(Saved entries)
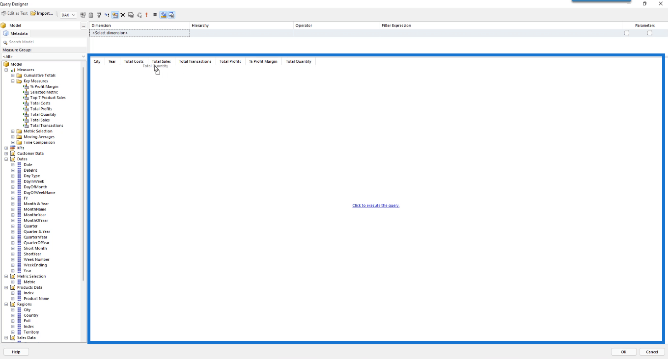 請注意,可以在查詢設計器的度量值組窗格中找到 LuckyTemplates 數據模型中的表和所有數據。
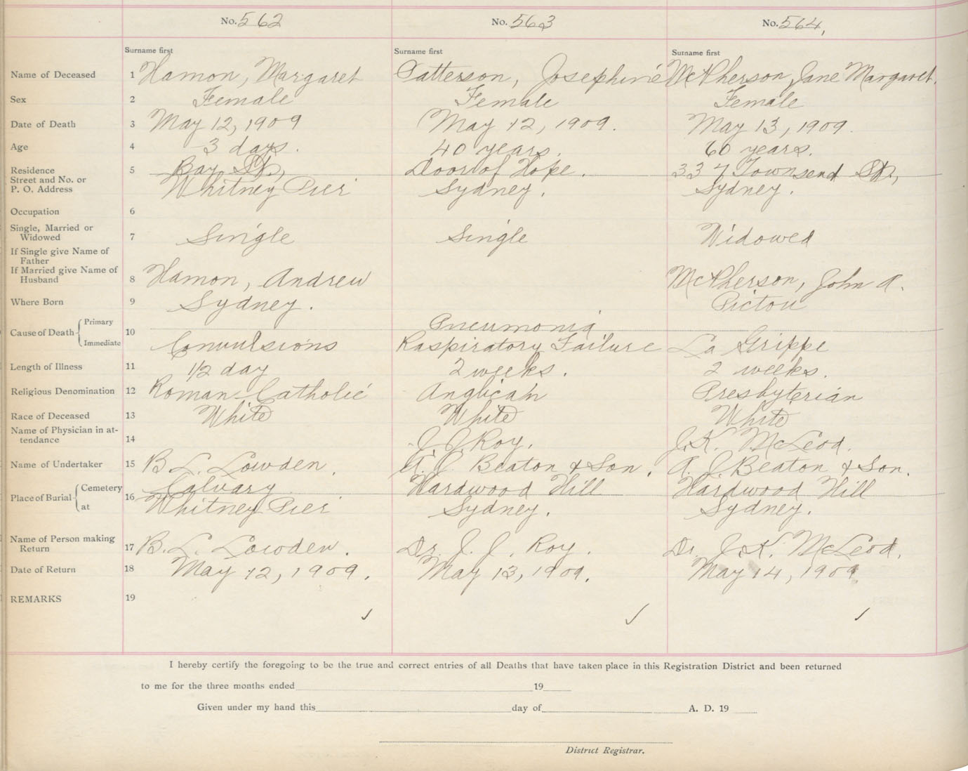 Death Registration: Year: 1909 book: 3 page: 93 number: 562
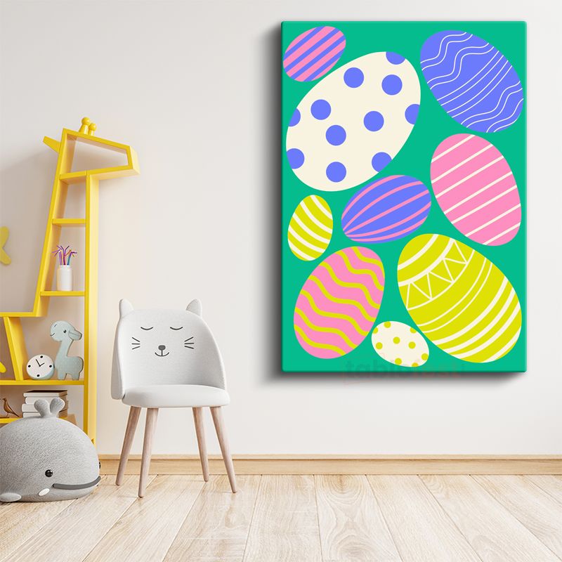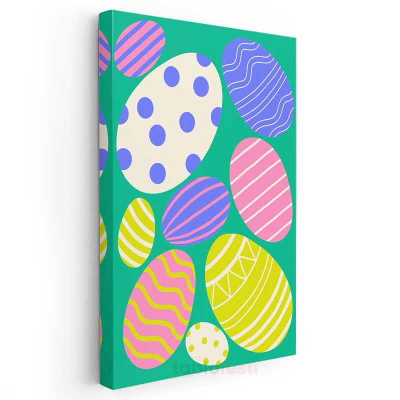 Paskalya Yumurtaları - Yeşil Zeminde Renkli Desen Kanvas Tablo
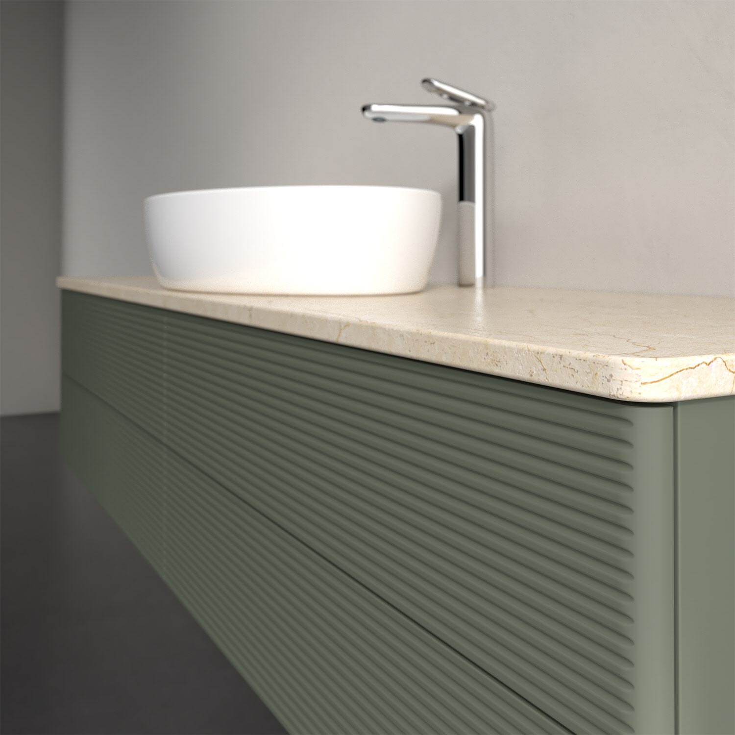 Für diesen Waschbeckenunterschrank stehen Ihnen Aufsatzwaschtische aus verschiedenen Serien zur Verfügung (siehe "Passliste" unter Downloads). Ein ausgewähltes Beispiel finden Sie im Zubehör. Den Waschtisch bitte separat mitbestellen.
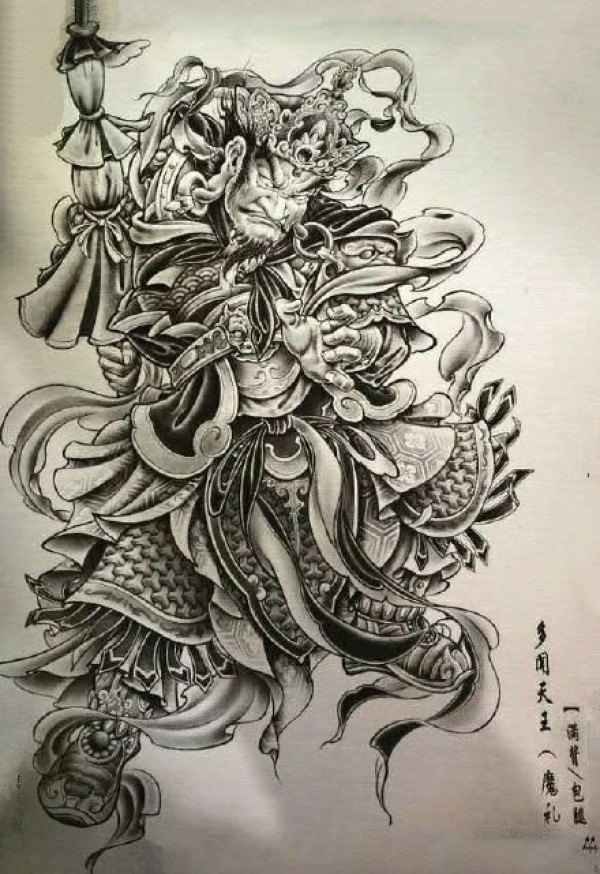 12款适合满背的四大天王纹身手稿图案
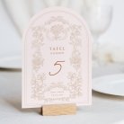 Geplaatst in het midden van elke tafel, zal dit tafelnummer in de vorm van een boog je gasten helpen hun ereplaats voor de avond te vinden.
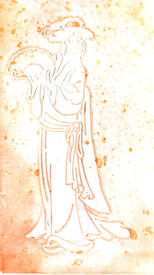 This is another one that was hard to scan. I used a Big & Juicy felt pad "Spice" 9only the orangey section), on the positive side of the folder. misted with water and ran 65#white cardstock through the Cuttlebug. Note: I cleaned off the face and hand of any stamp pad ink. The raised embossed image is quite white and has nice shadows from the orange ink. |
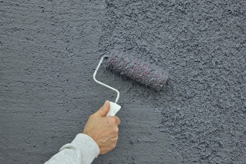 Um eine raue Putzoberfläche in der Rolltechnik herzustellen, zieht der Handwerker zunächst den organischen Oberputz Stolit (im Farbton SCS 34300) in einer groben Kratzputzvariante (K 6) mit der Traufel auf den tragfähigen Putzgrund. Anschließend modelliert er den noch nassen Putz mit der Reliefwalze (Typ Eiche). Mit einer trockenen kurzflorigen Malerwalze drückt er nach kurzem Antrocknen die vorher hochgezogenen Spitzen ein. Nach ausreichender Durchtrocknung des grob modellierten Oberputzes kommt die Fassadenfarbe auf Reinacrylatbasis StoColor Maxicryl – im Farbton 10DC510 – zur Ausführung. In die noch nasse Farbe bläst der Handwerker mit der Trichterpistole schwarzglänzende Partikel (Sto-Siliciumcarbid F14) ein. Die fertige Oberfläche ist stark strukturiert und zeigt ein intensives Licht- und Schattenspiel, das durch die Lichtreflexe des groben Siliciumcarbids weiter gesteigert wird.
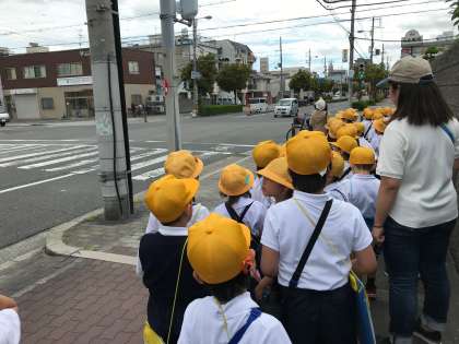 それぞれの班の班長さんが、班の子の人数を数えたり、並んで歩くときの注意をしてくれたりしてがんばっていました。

The task: Would you set down the records above once more, exactly, with the pictures removed?

Response:
 請注意,可以在查詢設計器的度量值組窗格中找到 LuckyTemplates 數據模型中的表和所有數據。
 Death Registration: Year: 1909 book: 3 page: 93 number: 562
 Paskalya Yumurtaları - Yeşil Zeminde Renkli Desen Kanvas Tablo
 Für diesen Waschbeckenunterschrank stehen Ihnen Aufsatzwaschtische aus verschiedenen Serien zur Verfügung (siehe "Passliste" unter Downloads). Ein ausgewähltes Beispiel finden Sie im Zubehör. Den Waschtisch bitte separat mitbestellen.
 12款适合满背的四大天王纹身手稿图案
 Geplaatst in het midden van elke tafel, zal dit tafelnummer in de vorm van een boog je gasten helpen hun ereplaats voor de avond te vinden.
 This is another one that was hard to scan. I used a Big & Juicy felt pad "Spice" 9only the orangey section), on the positive side of the folder. misted with water and ran 65#white cardstock through the Cuttlebug. Note: I cleaned off the face and hand of any stamp pad ink. The raised embossed image is quite white and has nice shadows from the orange ink. |
 Um eine raue Putzoberfläche in der Rolltechnik herzustellen, zieht der Handwerker zunächst den organischen Oberputz Stolit (im Farbton SCS 34300) in einer groben Kratzputzvariante (K 6) mit der Traufel auf den tragfähigen Putzgrund. Anschließend modelliert er den noch nassen Putz mit der Reliefwalze (Typ Eiche). Mit einer trockenen kurzflorigen Malerwalze drückt er nach kurzem Antrocknen die vorher hochgezogenen Spitzen ein. Nach ausreichender Durchtrocknung des grob modellierten Oberputzes kommt die Fassadenfarbe auf Reinacrylatbasis StoColor Maxicryl – im Farbton 10DC510 – zur Ausführung. In die noch nasse Farbe bläst der Handwerker mit der Trichterpistole schwarzglänzende Partikel (Sto-Siliciumcarbid F14) ein. Die fertige Oberfläche ist stark strukturiert und zeigt ein intensives Licht- und Schattenspiel, das durch die Lichtreflexe des groben Siliciumcarbids weiter gesteigert wird.
 それぞれの班の班長さんが、班の子の人数を数えたり、並んで歩くときの注意をしてくれたりしてがんばっていました。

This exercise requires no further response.